One of the main reasons for the housing boom in recent years is the Clinton Taxpayer Relief Act of 1997.

If you'll recall, this is the tax code change that turned home equity gains of up to $500K into "tax free" gains, as long as you lived in the residence for two of the last five years before the sale (the $500K maximum is for couples - there is a $250K limit for singles).

Does this make sense? Could this tax code change be contributing in a big way to the housing mania? Let's look at two recent sources for this line of reasoning.

In Christopher Farrell's latest missive he notes:

What accounts for the housing boom? Economists have cited a number of fundamental factors, including low interest rates, favorable demographics, and restrictions on development. But the unappreciated force that may have infected a strong housing market with home-buying mania is bad tax policy. Specifically, I mean the Taxpayer Relief Act of 1997, signed by Bill Clinton.

And this, from one of our favorite economists, Larry Kudlow:

Upward price momentum has kicked into higher gear in recent years for two important reasons. First, housing is highly tax-advantaged. The 1997 tax-cut bill — proposed by a Republican Congress and signed into law by a Democrat president, Bill Clinton — permitted the first $500,000 of profits from the sale of a home to be tax-free. This came on top of existing law that permits mortgage expenses to be tax deductible depending on one’s income bracket.

These supply-siders agree that somehow the 1997 tax cut has contributed in a big way to skyrocketing real estate prices, but how? The previous law required gains to be reinvested in a higher value residence within two years in order to avoid paying taxes. There was also a one-time exclusion if you were over the age of 55 - this was designed to help retirees relocate to less expensive areas without incurring a big tax bill.

Ahhh, memories. Back in the nineties we would occasionally hear stories about someone who was about to retire and move away from Southern California with a pile of cash from the sale of their home.
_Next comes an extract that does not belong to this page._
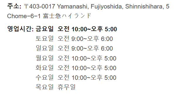 - 운영 시간: 후지큐 하이랜드와 전율미궁의 운영 시간은 계절 및 요일에 따라 다를 수 있으므로 방문 전에 공식 웹사이트에서 확인하시기 바랍니다.

They had lived in that home for the last 20 years and they only owed another $15K on it, and they were going to sell it for $245K. That was a pile of cash back then - those numbers are almost comical by today's standards, and it wasn't that long ago.

But we digress...

It seems that if anything, this tax law and today's real estate prices would encourage more people to sell than to buy. As discussed in yesterday's post, some people are "cashing out", taking advantage of these tax free gains, then waiting patiently for prices to return to more normal levels.

Whether or not this will work out for them, we don't know. But, on the face of it, for the average homeowner, the 1997 tax law change is an incentive to sell in the bubbly areas, not buy.
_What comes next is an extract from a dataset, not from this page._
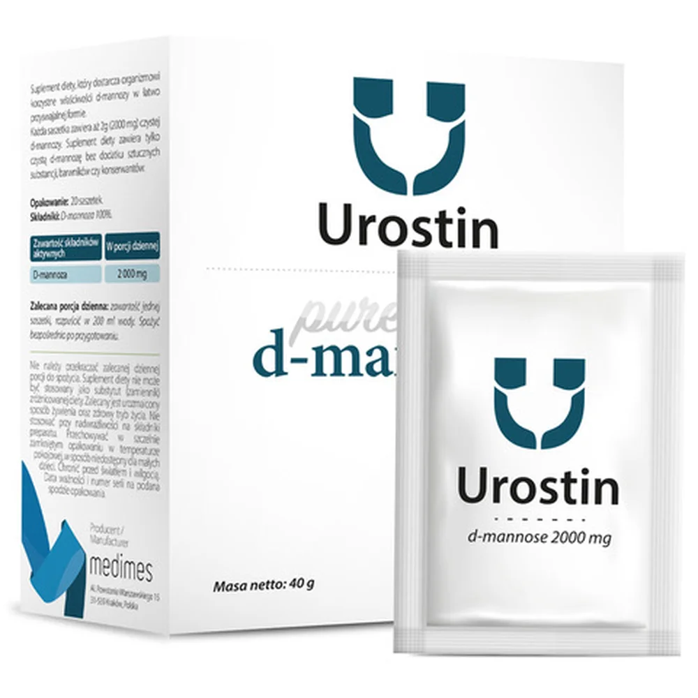 Urostin d-mannoza 2000 mg to suplement diety w postaci saszetek, który w swoim składzie zawiera d-mannozę. Preparat przeznaczony jest dla osób powyżej 18. roku życia.

It is understandable how real estate investors could move from house to house every two years, fixing one up then selling it at a hefty tax-free gain before moving on to the next one, but surely this cannot explain much of the real estate craziness of recent years.

One person, one house, two years - that doesn't sound like a mania.

Most recent accounts of investor behavior describe individuals buying property to rent out at a loss for a year or two, then sell for a profit. This would not be eligible for the tax-free status, nor would the activity of "flippers", who sell long before the minimum two year period.

Does the 1997 tax law simply encourage people to buy with the expectation of selling sometime in the future with a huge tax free gain? And then what? Move to another state?

Does this supply-sider argument make sense to anyone?